In a new book published this month, “An Independent, Colonial Judiciary”, I explore the history of the Bombay High Court during the British Raj. The book seeks an answer to one central question: why did the court transition so seamlessly from colonialism to independence? When M.C. Chagla became the first Indian Chief Justice of the Bombay High Court, Indian lawyers wrote to him that he must maintain, rather than undo, the “high standards” set up by the British Chief Justices who had preceded him. The answer, I found, in brief, was that the court stood for something quite apart from colonialism during the colonial period:
The Bombay High Court went through a gradual process of decolonization such that independence in 1947 did not represent a radical or substantial break from the past. Even in the 1860s, its “Appellate Side” Bar was dominated not by Britons but by Indians. Starting in the 1880s, the solicitors who appeared before the court’s “Original Side” were, increasingly, Indians. By the 1920s, the Bar was almost entirely Indian in its composition. And by the 1940s, nearly every judge of the court was an Indian.

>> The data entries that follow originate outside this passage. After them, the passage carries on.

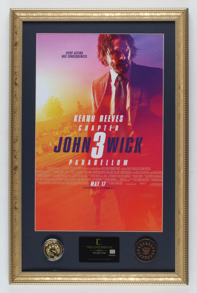 "John Wick: Chapter 3 – Parabellum" 15x20 Custom Framed Movie Poster Display with Movie Prop Replica Gold Coin, Marker & Continental Hotel Keycard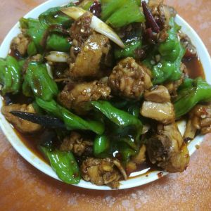 大火加入适量料酒、蒜、姜、加入青椒爆香。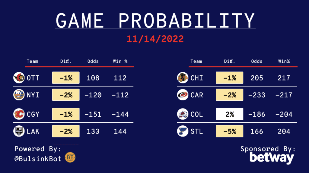 Each day we will look at each game, the Sportsbook Odds (via Betway), and the odds of each team winning based on the model created by Philip Bulsink. Based on those two numbers, we can quickly identify which teams we need to bet on, which teams to avoid and which lines to keep an eye on throughout the day.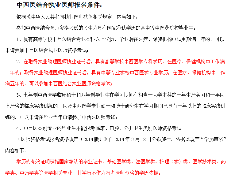 2.2008年12月31日以前入学的中西医结合专业(含教育部、原卫生部批准试办的初中起点5年制专科层次中西医临床医学专业)毕业生,其专科学历作为报考医师资格的学历依据。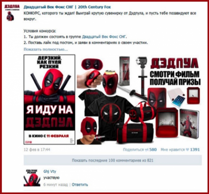 В рамках кампании мы, по инициативе компании "Двадцатый Век Фокс", провели несколько конкурсов в социальной сети VK.com. Для того, чтобы принять участие в конкурсе в сообществе “Фокс Россия” пользователи должны были изменить свой Профайл, поставив предложенный нами аватар с изображением героя и подписью “я иду на Дэдпул” и оставить комментарий, что они участвуют. Результаты были поразительны: 833 пользователей оставили комментарии, 800 из них сменили аватарку. Охват конкурса составил более 500 000.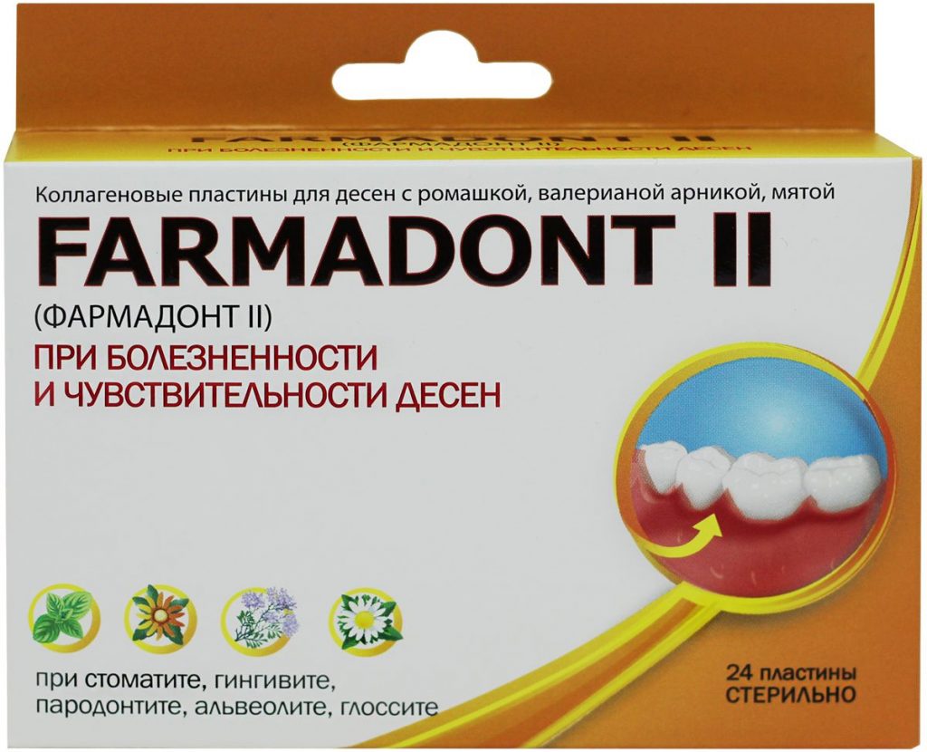 Фармадонт II пластины коллаген при болезн.и чувств. десен №24 (ромашка-валериана-арника-мята) {Зеленая Дубрава}

In a colonial India in which racism was rampant, the Bombay High Court was a place where an Indian was likely to have encountered less racism than elsewhere. Indians were denied membership at elite social clubs like the Byculla Club or Yacht Club in Bombay, and Indians were often denied a first class seat or a seat at a dining table on a train or ship in the colonial period. By contrast, race did not predict how judges decided cases – Indian judges like Davar and Chandavarkar decided cases against Indian political leaders like Tilak and Savarkar, while a British Chief Justice, Lawrence Jenkins, almost single-handedly helped Indian lawyers to excel at the Bar. To this day, Lawrence Jenkins occupies pride of place at the Bombay High Court – his portrait hangs alongside Chagla’s in the Chief Justice’s courtroom, and his statue stands beside Mulla’s at the judges’ entrance of the court. A Welsh Chief Justice, Jenkins was so hated by his British brethren that he was called a “scoundrel” in open court by a British judge in Madras- a judge who was consequently forced to resign. It was seniority, not race, that determined which of the two judges on a “Division Bench” got to write the judgment in a case. At the higher levels of the profession, litigants hired lawyers based on how good they were in court. Like Sir Jamshedji Kanga or J.D. Inverarity, if you were capable of making an outstanding argument in court, it mattered little to the litigant whether you were Indian or Briton, Hindu or Muslim. The Indian and British judges of the court shared warm personal relations off the bench. Gentlemen judges like Badruddin Tyabji and M.C. Chagla- products of education in England – shared close bonds with their British counterparts. A very tiny proportion of cases before the court (in fact, less than 1% of the court’s docket) involved white litigants – thus, there were scarce opportunities for the court to act in a racist manner in favor of white litigants.
The court functioned independently of the other branches of government. Since 1899, a de facto “good behavior” tenure was in place, and it was informally understood that judges would not be removed except for misbehavior. Non-political criminal cases were as often decided in favor of the accused as they were decided in favor of the prosecution. Political criminal cases like the Tilak case were often decided in favor of the government – but it is debatable whether the outcomes of these cases were brought about on account of any political pressure exerted on the court’s judges. Successive Chief Justices of the court fought the executive on administrative matters, in order to retain the court’s independence.
Among other things, the book also debunks some of the old myths and hagiographical stories which abound about the High Court’s history. Take the story of Sir John Peter Grant – held out as the one example of the quintessential independent judge. The book reveals that there’s more to his story than meets the eye (he was a Crown judge during the East India Company’s reign in India, when a judge was expected to police the administration to a far greater extent than later on; also, Grant was recalled to England, and he eventually had to resign his office). Another myth- it was said that Governor Mountstuart Elphinstone had challenged Chief Justice Edward West to a gun duel. This, I found, was not true. As Elphinstone wrote in a letter to West in 1826, “To challenge a Chief Justice is one of the last things that would have entered into my imagination.” Yet another myth- the Government Law College was, during the colonial period, a prestigious school at which one could study. Quite the opposite, I found that even in 1889, the Government Law School (as it was then called) was termed “little better than a farce, a sham and a delusion”, and its own alumni tended to distance themselves from it. Indians who wanted a prestigious legal education went to England to get called to the Bar at one of the Inns of Court, and to get a degree from Oxford or Cambridge.